今回の人生では、自分たちは「幼なじみ」という関係のようだった。
――次生まれ変わったときも、必ず二人で生きて、二人で死のう。
最初に交わした約束を、今も叶え続けている。
負担? そんなことは全然ない。
だって、彼は他の誰も変わることのできない、自らの命と同じくらい大切な人だから。
次生まれても、またその人と生を共にしたいと願うのは当然だろう?
彼からのキスに思わず笑ってしまう。ちょっと食むように唇を包むやり方は、何度生まれ変わっても変わらない。
「今回のおれ達は恋人同士じゃないだろ?」
「あれ、そうだったっけ?」
すっとぼけた声にまた笑う。まあ、今さらではある。
きょうだい、親友、仲間、恋人――いずれも、何度も経験してきた関係だけど、どれも正解で、外れでもある。
誰よりも大切な存在。
自分の世界に必要不可欠な存在。
それだけわかっていれば充分なのだから。
お題:二人ぼっち
ああ、これは夢だわ。
だって、「私」を見下ろす私がいるんだもの。それにこういう夢、もう見慣れてしまった。

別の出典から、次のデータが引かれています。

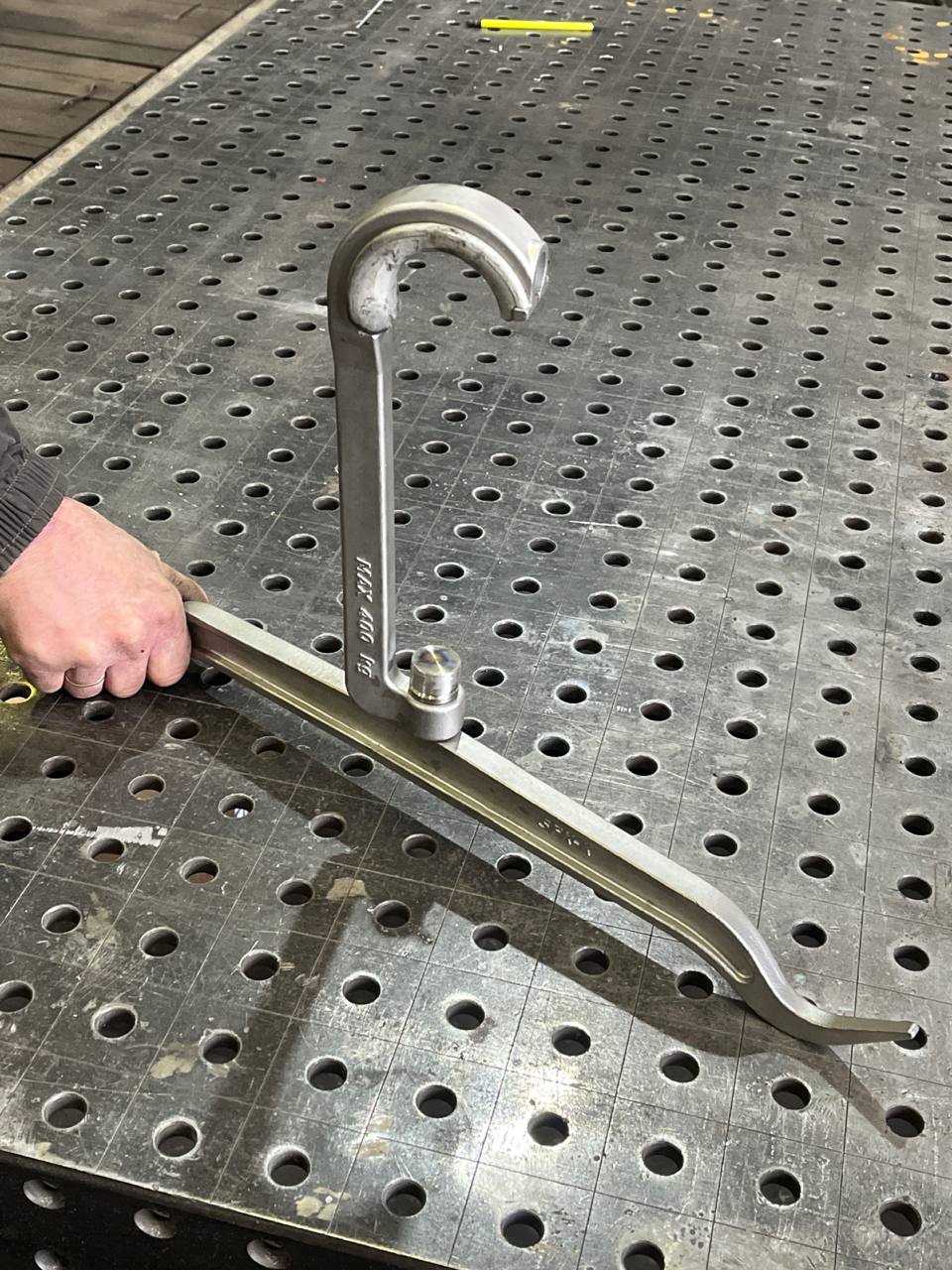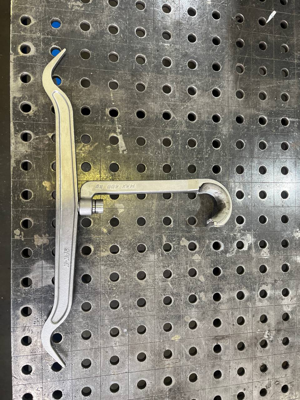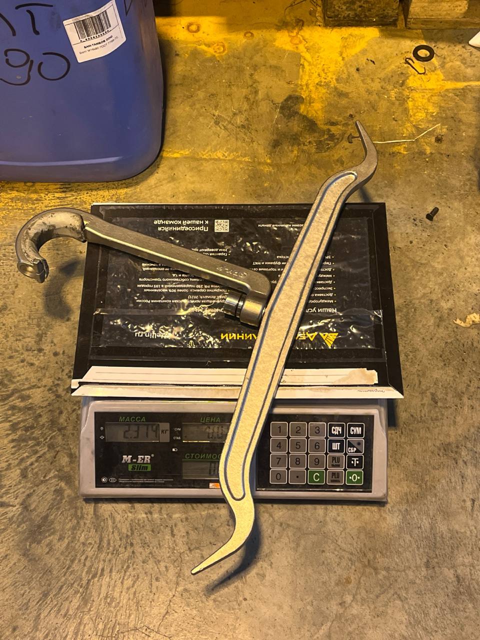 "Плечики" выполнены в форме двутавра, что придает разноге прочность, ведь она рассчитана к работе с тушами до 400 кг.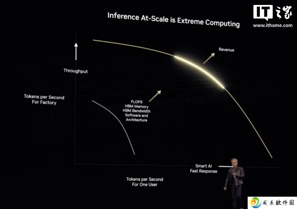 黄仁勋展示了一张关于推理的图表,X 轴显示用户每秒的 Token 数,Y 轴显示工厂每秒的 Token 数。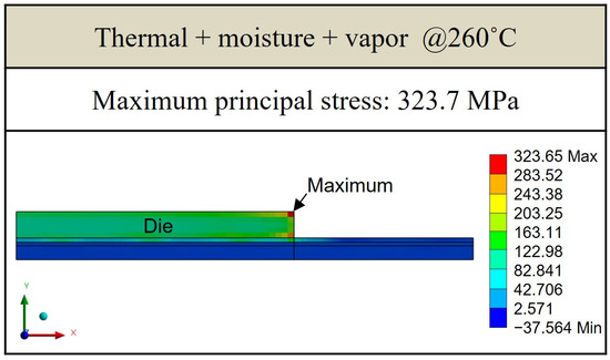Principal stress distribution induced by thermal–moisture–vapor effects under reflow conditions.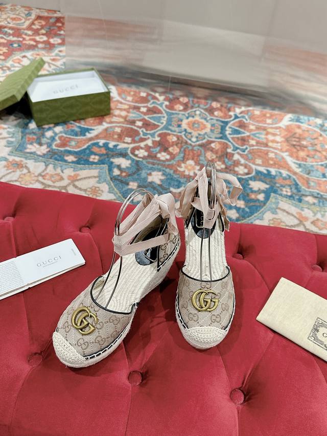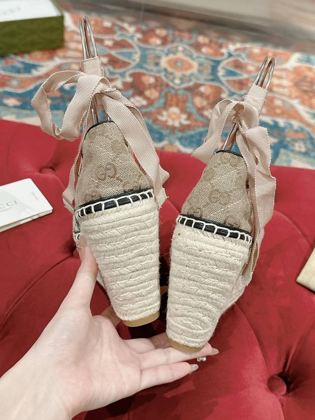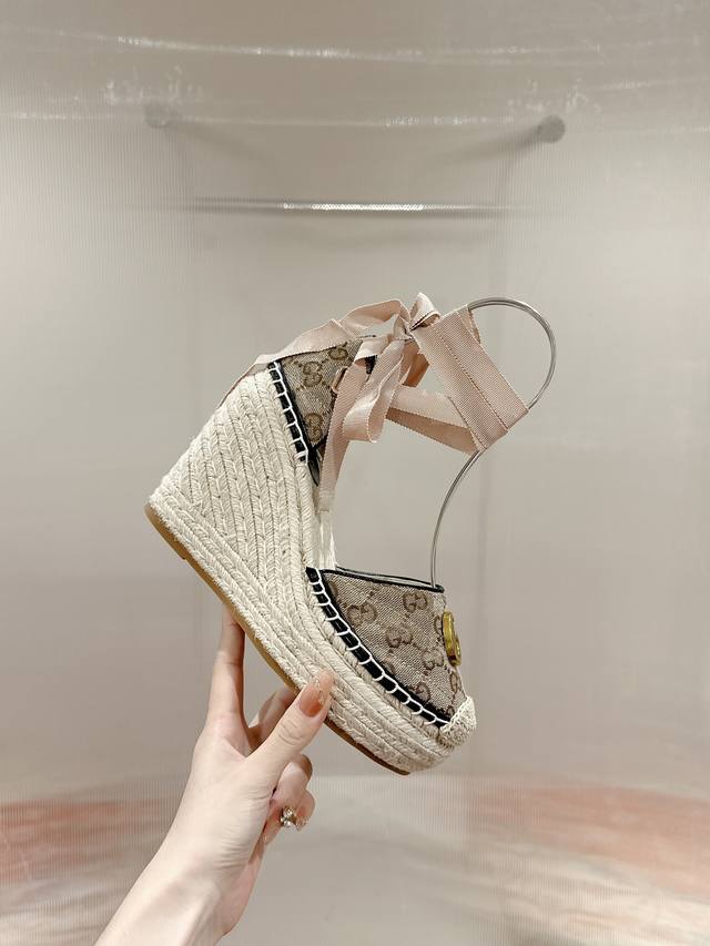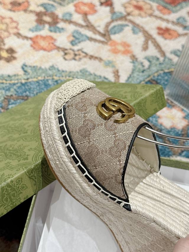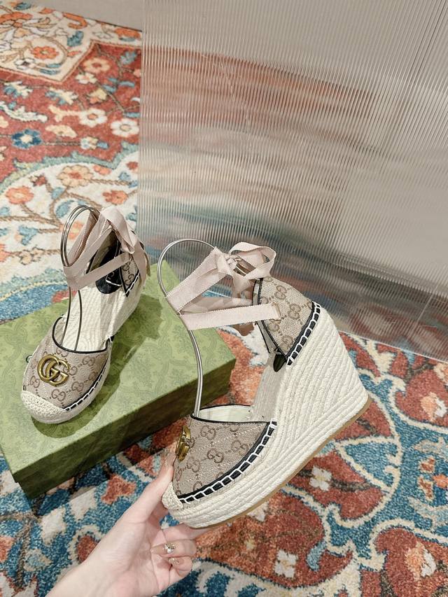 Gucci 22Ss Early Fall Straw Wedge Platform Sandals will add a touch of modern flair to your summer look.

「私」は無邪気にあの人と過ごしている。心から楽しいのだと、幸せなのだとわかる。
――私、あんな顔して笑ってたんだ。
彼と出会うまで、まともに笑ったことがなかった。笑うってなんだっけって、ばかみたいな問いかけを自分自身にしたりしていた。
あの人が私を変えてくれた。根気よく付き合ってくれた。
――彼も、嬉しそう。よかった。
夢でも、あの顔を何度も見てきたから信じられる。
「私」だけじゃなくて、私も隣に立ちたい。触れたい。
地上を目指して腕を伸ばしても、距離は全く埋まらない。声も、唇がぱくぱくと上下に動くだけで、出ない。
今回こそ願いを叶えるんだ。醒める前に早く、早く。
――ねえ、私もここにいるのよ。気づいてよ、私の名前をまた呼んでよ!
開けた目に映ったのは、いつもの天井だった。
また、私の願いはかなわなかった。
せめて、夢の中でくらい、あの人と自由に過ごさせてほしい。
もう……現実であの人に触れることはできないのだから。